I didn't know what I was going to do when my parents got home from work. I wanted so badly to just confront them about this, but I didn't know where that would get me. The other thing that racked my brain all night was figuring out why Ward Cameron was at the office last night. There was truly no reasonable explanation for it.

For some reason the patio sectional was more comfortable than my bed. I was starting to finally calm down when I was interrupted by someone joining me.

"Madam, your groceries have arrived." A familiar voice said, knocking me out of my trance. My heart skipped a beat when I realized who that voice belonged to.

"That's weird because I was really looking forward to Pope bringing the groceries today." I replied, sitting up to look at the boy standing in front of me. His arms were filled with groceries my parents ordered from Heyward's grocery store. I didn't know JJ worked there, but I wasn't surprised considering he was close with Pope.

"Well you're out of luck because I'm here today." He answered, setting the groceries down on the table in front of me.

"Great." I sighed, leaning back on to the sofa. Last night I was a little bit too emotional with him. There was something kindling between us, but I didn't want to get too deep into it. It just seemed best to put up the walls before I got hurt.

"Are you okay?" He asked, sitting down in the loveseat across from me.

"Yeah. Just tired." I said, standing up and grabbing the groceries. I wasn't in the mood to talk to anyone right now. I just wanted to be alone.

He stood up just as quickly and started grabbing bags from the table, so I didn't have to carry them myself. "Let me help you." I was getting the sense he wasn't going to leave me alone.

"What do you want from me, JJ? I've done everything you wanted me to do. I broke into my parents offices with you. I'm just ending up getting hurt. I can't process anything." I reply, grabbing the remaining groceries and storming into the house. What I said was the truth, I couldn't take going out to look for anything else today. I felt like his whole purpose coming here wasn't to deliver groceries, it was to see what the next move was.

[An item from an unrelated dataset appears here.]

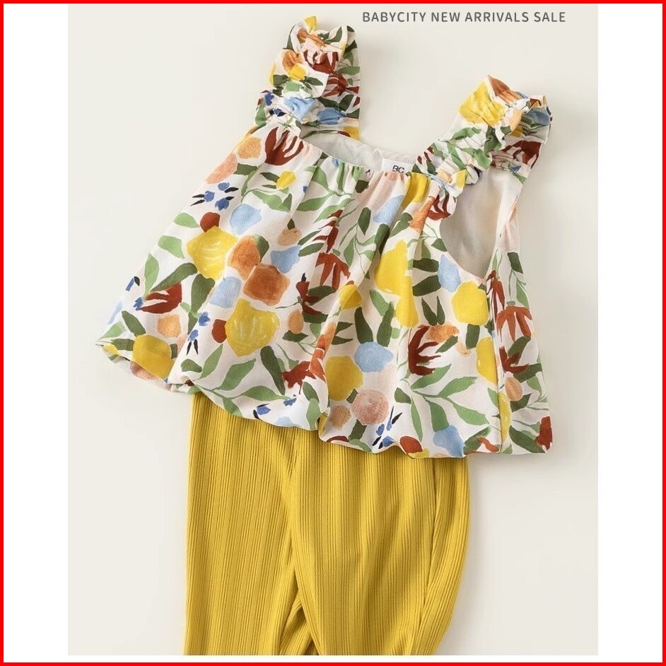 Setelan Anak Perempuan Gaya Kasual Tanpa Lengan Motif Bunga

"Dammit, Emerson. You do this every time something gets too hard for you. You shut down and hide. Just like when we were kids, you always rush to judgment of everything. I didn't come here to talk to you about your parents, I came here to see you and make sure you were alright. Maybe let someone care about you for once without being so rude to them." It was like he read my mind as he followed me into the kitchen, the remaining groceries in his hands.

As much as I didn't want to admit it, he was right though. "Just go." I shouted, throwing the groceries on the floor, without caring what was inside the bags. I didn't care at this point, although he was right I was heated about everything going on. He was just the first person I'd seen, so I took it out on him. The best thing for me was to hide my sadness with anger. If I let whatever I was feeling out now it would be too much for me to handle. My back was facing him so that I didn't have to see him, it was easiest that way.